Advisory Committee’s Note May 16, 2001
The first sentence of Rule 16B is added to clarify the effective date of the court-connected ADR rule to indicate that it applies only to cases in the Superior Court when the original date for filing the complaint is on or after January 1, 2002. Accordingly, the rule would not apply to cases filed in the District Court before January 1, 2002 but removed to the Superior Court after that date, and it would not apply to cases already pending in Superior Court on January 1, 2002. The original filing date, whether in District Court or Superior Court, becomes the critical date for determining applicability of the rule to a particular case.
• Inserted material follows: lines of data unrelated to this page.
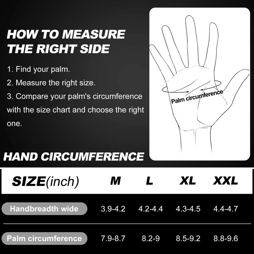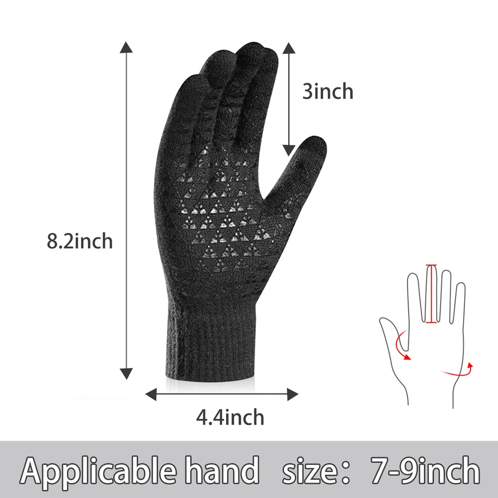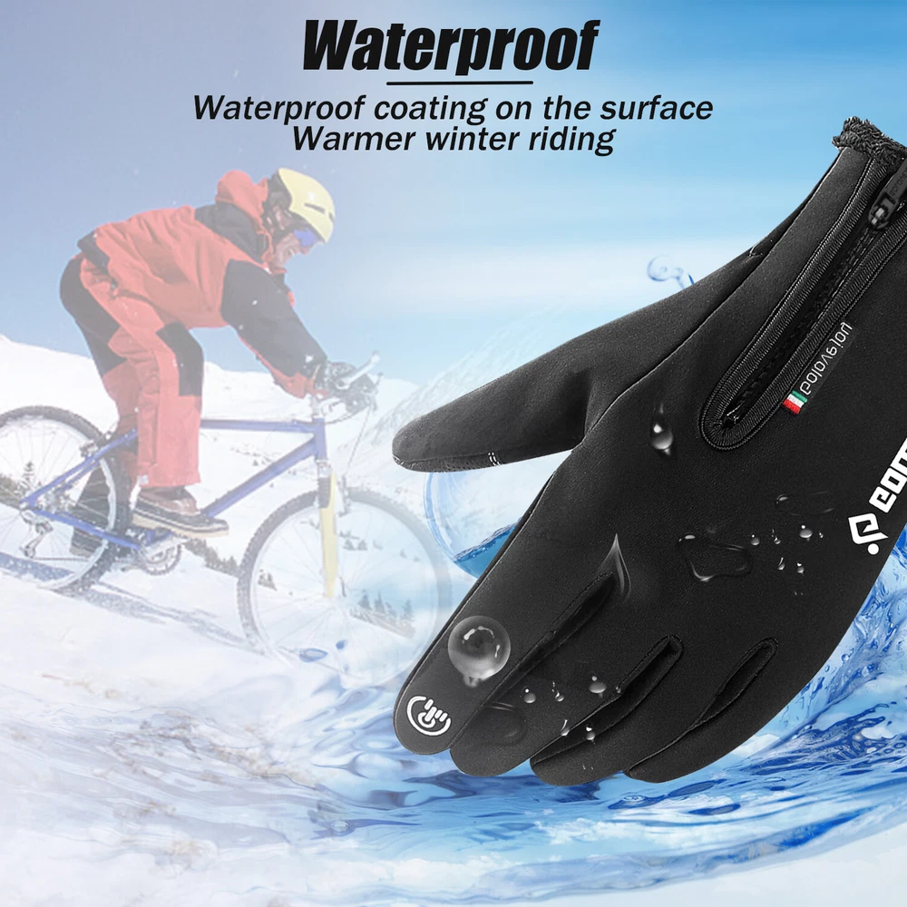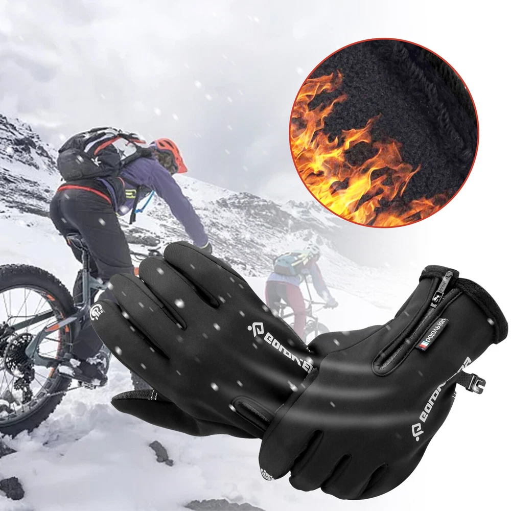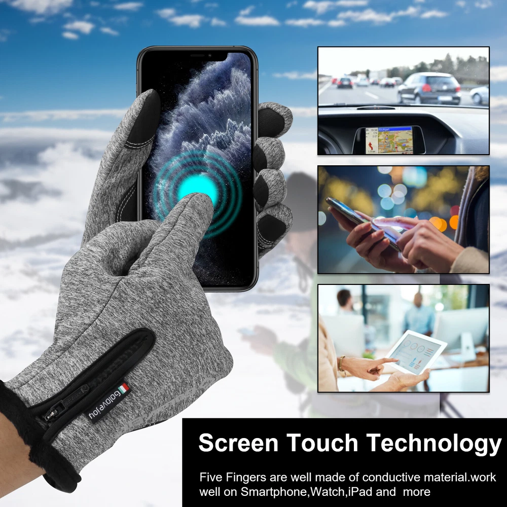 -10℃ Waterproof Winter Warm Ski Gloves Thermal Touch Screen Motorcycle Snowboard Decription: Our products are made of woolen windproof fabric for added warmth and comfort. Adjustable zipper for different size hands and easily take off gloves.Touch the screen with full-fingered PU gloves, more sensitive and no harm.s. This pair of gloves is worth having,In this winter. Size: Size S M L XL XXL Palm Width 2.76-2.95in 2.95-3.15in 3.15-3.54in 3.54-3.94in 3.94-4.72in Palm Circumference 6.69-7.08in 7.08-7.48in 7.48-7.87in 8.26-8.66in 8.66-9.49in Feature: [ Keep Hands Warm & Comfortable] Combined with the warm and soft polar fleece lining and stretchy cuff, these winter gloves not only lock the temperature on your hands and reduce the heat loss, but also absorb moisture and sweat. Say goodbye to the clamminess, your hands will always warm and dry while wearing these warm gloves. [Excellent Waterproof & Windproof ] with high-density waterproof membrane on the surface layer, these cold weather gloves for men can keep your hands dry and warm against melting snow or drizzle. No longer to endure the cold wind or wet to take the heat away in your winter daily activities. [Sensitive Touchscreen & Safety Anti-Slip Silicone] These women running gloves adopted with high-sensitivity conductive material on the thumb and index, help to control all your smart devices conveniently with gloves on. Coated with high-quality silicone on palms and fingers for enhanced friction and grip. Contribute to a higher efficient on daily work. [Flexible & Lightweight ] Unique 3D tailoring and high-stretchy Lycra greatly improve the flexibility and comfort of wearing. These snow driving gloves will fit your hands perfectly like your second skin. So that flexible enough to enhance movement for all the activities. Lightweight and sleek design allow you to take them easily wherever you go. Please Note:Water Resistance (Not Waterproof),gloves should not be immersed in water for long periods of time. Package Included: 1 pair Waterproof Windproof Sensitive five-finger touch screen gloves. Contact us: If you have any questions, please feel free to contact us to resolve the issue before opening a case or Negative, Thanks a lot!
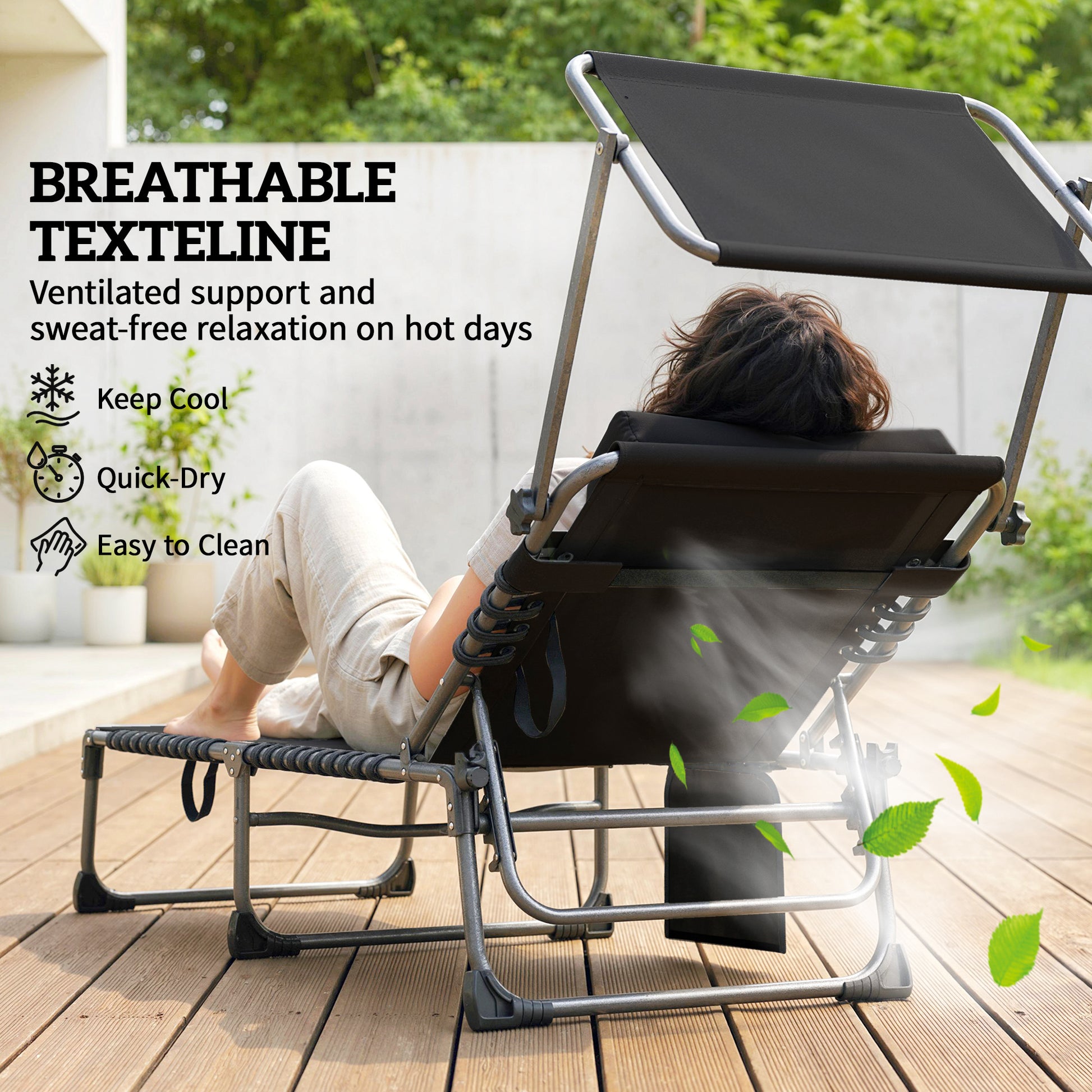 Sun lounger bed sessions can be a constant battle with the elements—too hot on sticky chair, glare in your eyes and an uncomfortable neck. This struggle for simple relaxation often ends in frustration. foldable sun lounger with cushion transforms your outdoors into a personal oasis. Find your preferred angle among five positions. Stay breathable and cool on the texteline seat or comfortable with soft cushion. Block the harsh sunlight with the adjustable canopy for blissful comfort.Specifications
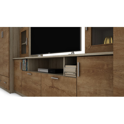 - TV cabinet with a large niche for the television and bottom section with flaps, doors and niches with shelves.
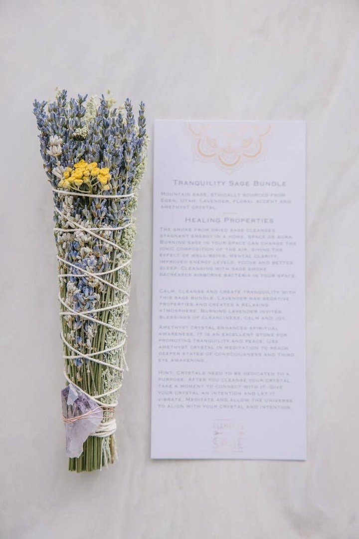 Verwandle Dein Zuhause in eine Oase der Stille und Gelassenheit. Mit jedem Bündel erhältst Du eine Informationskarte(englisch), die Dich durch den Prozess der energetischen Reinigung führt und Dir die heilenden Eigenschaften der verwendeten Kräuter erklärt.

Rule 16B, subdivision (i), is amended, because under current practice, a party demanding a jury trial pursuant to Rule 38 or removing a case for jury trial pursuant to Rule 76C must pay the jury fee promptly. Cases which proceed through the court-connected ADR process are exempt from the jury fee payment requirement until 150 days after the date of the Rule 16(a) scheduling order. Those cases which are authorized to automatically request and receive exemption from the ADR requirements by Rule 16B(b)(4) or which receive a court order exempting them from the ADR requirements pursuant to Rule 16B(b)(9) or any other provision of these rules, become subject to the normal jury fee payment requirements. The jury fee must be paid with the filing of the automatic exemption request pursuant to Rule 16(b)(4). For other cases receiving exemptions, the jury fee must be paid within 14 days of the exemption being ordered by the court. If the jury fee is not paid as required, the parties shall be deemed to have waived their right to jury trial. A case removed from District Court pursuant to Rule 76C which then waives its jury trial right by default in the required payment of the jury fee would be remanded to the District Court for further proceedings.